# Наше творчество > Авторские песни и совместные проекты >  Прошу оценить мою первую песню.

## SeregaKZ

Очень надеюсь услышать мнения людей по поводу песни. По поводу текста и исполнения, а так же аранжировки. Пою не я, а моя знакомая.
Заранее Спасибо!!!

http:/*************.com/files/3s9wl7xi1

----------


## Malina sladkaja

Замечательно ! И муз. офрмлемие и исполнение!  :Ok: 
Чувствуется степной простор казахстана!  :Vah: 
Знаю, о чём говорю... Родом я оттуда! :Aga: 
Спасибо. :flower:

----------


## SeregaKZ

Спасибо!!! Жду следущих мнений.

----------


## Лев

> Прошу оценить мою первую песню.


Твори дальше и пусть песни будут ещё прекрасней!

----------


## biay1

> Очень надеюсь услышать мнения людей по поводу песни. По поводу текста и исполнения, а так же аранжировки.


Все соответствует жанру такой песни - и исполнение, и текст, и музыка!
Молодец! :Aga:  :Ok:  :Pivo:

----------


## SeregaKZ

Списибо, но что-то на этом форуме небольшая посещаемость =((

----------


## Лев

> Списибо, но что-то на этом форуме небольшая посещаемость =((


Ой, накликаешь :Oj: :biggrin: подожди - были реформы и летний период...

----------


## aigul

*SeregaKZ*, очень хотела послушать , но депозит жлоб. Я пол часа парилась и мне так и не дали скачать!:frown:

----------


## SeregaKZ

Вот залил на другой обменник. Кто не смог скачать с депозита.
http://rapidshare.com/files/26991667..._____.mp3.html

----------


## SeregaKZ

наверное, желающие кончились =(((
нет никаких коментариев. (((

----------


## luudvig

> желающие кончились


:biggrin::biggrin::biggrin: :Ok: 

*Добавлено через 2 минуты*
*SeregaKZ*,rapidshare матюкается...

----------


## Лев

> наверное, желающие кончились


...или... кончили:rolleyes:kuku

----------


## luudvig

*Лев*,Лёва,ну ты противный...:biggrin:

----------


## CTARый

Мне понравилось всё!Хорошо.Молодцы!

----------


## luudvig

> Очень надеюсь услышать мнения людей по поводу песни.


Нормальная песня. :Ok:

----------


## SeregaKZ

Всем Доброго времени суток. Не стал создавать новую тему, что бы не засорять форум, но если нужно будет скажите я обязательно сделаю в другой теме. Прошу опять совета, что-то у меня не получается песню спеть подскажите как исправить недостатки. Заранее Спасибо!!!
И извиняюсь за качество. Пробовал дома на Windows Movie Maker =))))
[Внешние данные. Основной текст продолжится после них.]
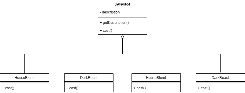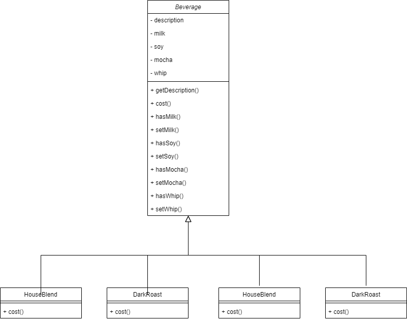 그렇다면 모든 조합을 Beverage를 상속하는 클래스들로 만드는 것이 바람직할까?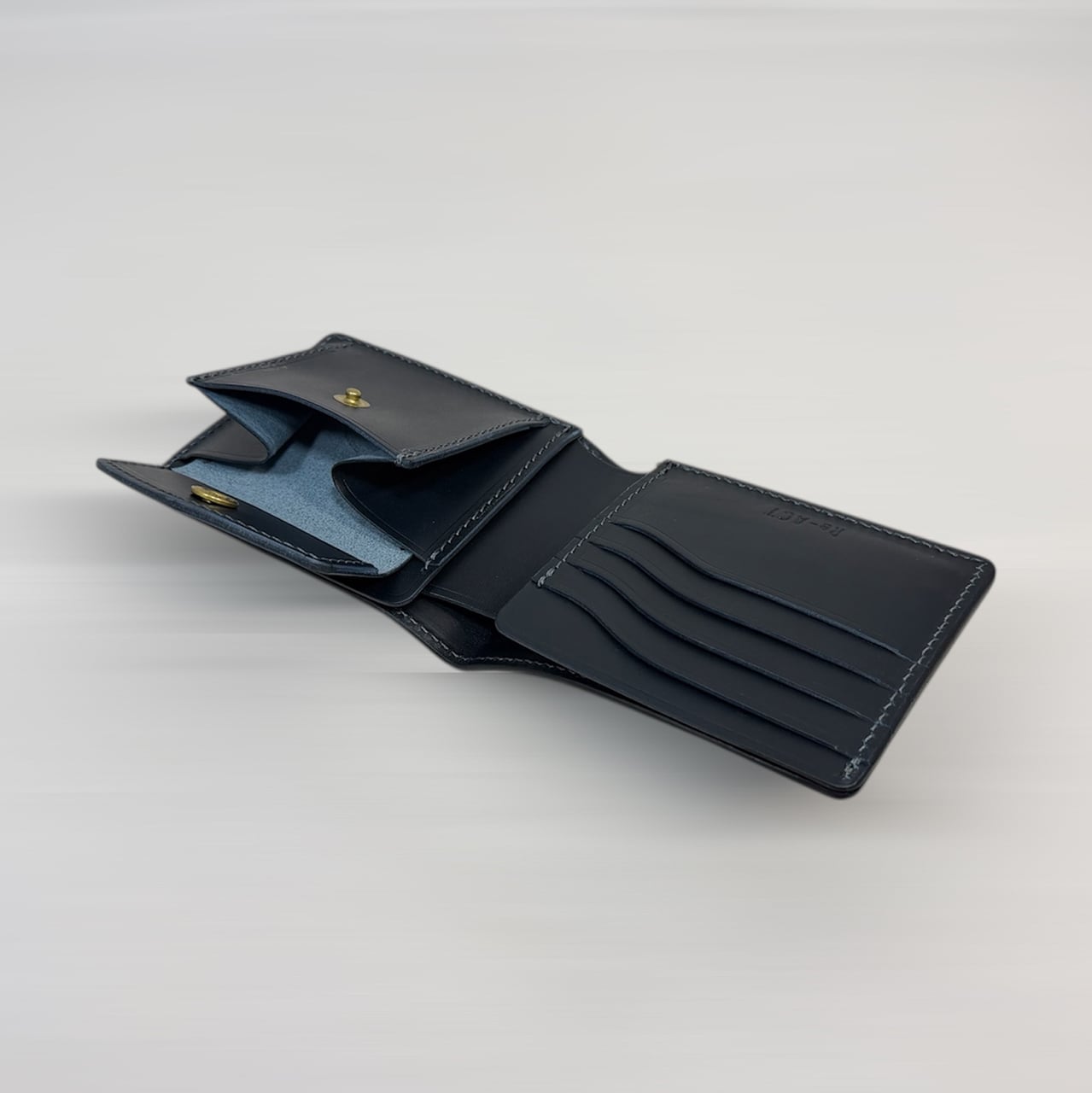 このレザーは、単なる色ではなく『育つ青』使うほどに藍色が変化し、手の脂や日光、時間と共に革の表情が育っていきます。まさに持ち主とともに成長する素材です。

http://dump.ru/file/3560810

----------


## Лев

*SeregaKZ*,
 Хорошая песня, правда вызывает улыбку корова... споЁнный, а в остальном неплохой текст и мелодия. Надо осваивать хотя бы Аdobe Audition - зайди в раздел создание минусовок. А так аккомпанимента практически не слышно...

----------


## luudvig

*SeregaKZ*,
_Споённый полносочным молоком
Твоих коров,мычащих на закате...
Как ветренен был облак надо мной
И дни летели ветренные сами... ветер сентябриный_ и т.д.* Серёга ты чё?*:eek:

----------


## SeregaKZ

> *SeregaKZ*,
>  Хорошая песня, правда вызывает улыбку корова... споЁнный, а в остальном неплохой текст и мелодия. Надо осваивать хотя бы Аdobe Audition - зайди в раздел создание минусовок. А так аккомпанимента практически не слышно...


Спасибо! Вот узнаю мнение о своих ошибках, а далее уже пойду записываться. Первый раз так пробуюсь записаться еще и на самодельный микрофон =)))
Минусовка то есть, вот только плюс нужно записать. =)))

*Добавлено через 6 минут*



> *SeregaKZ*,
> _Споённый полносочным молоком
> Твоих коров,мычащих на закате...
> Как ветренен был облак надо мной
> И дни летели ветренные сами... ветер сентябриный_ и т.д.* Серёга ты чё?*:eek:


Это стихи местного поэта Советско-Казахстанского Павла Васильева у него в этом году должен был быть юбилей. И в честь этого проводят конкурс песен на его стихи, хотелось бы внести кое какие корректировки, но такие я думаю, что бы было всем понятно, что его в городе долго не было, а тут он вернулся. И конечно же сейчас уже мало, где увидишь коров и всяких там амбаров, но так бы это выразить, что он всматривается в эти места и вспоминает, что когда-то давно это все было. Вот может с этой кашей помогут справиться =)))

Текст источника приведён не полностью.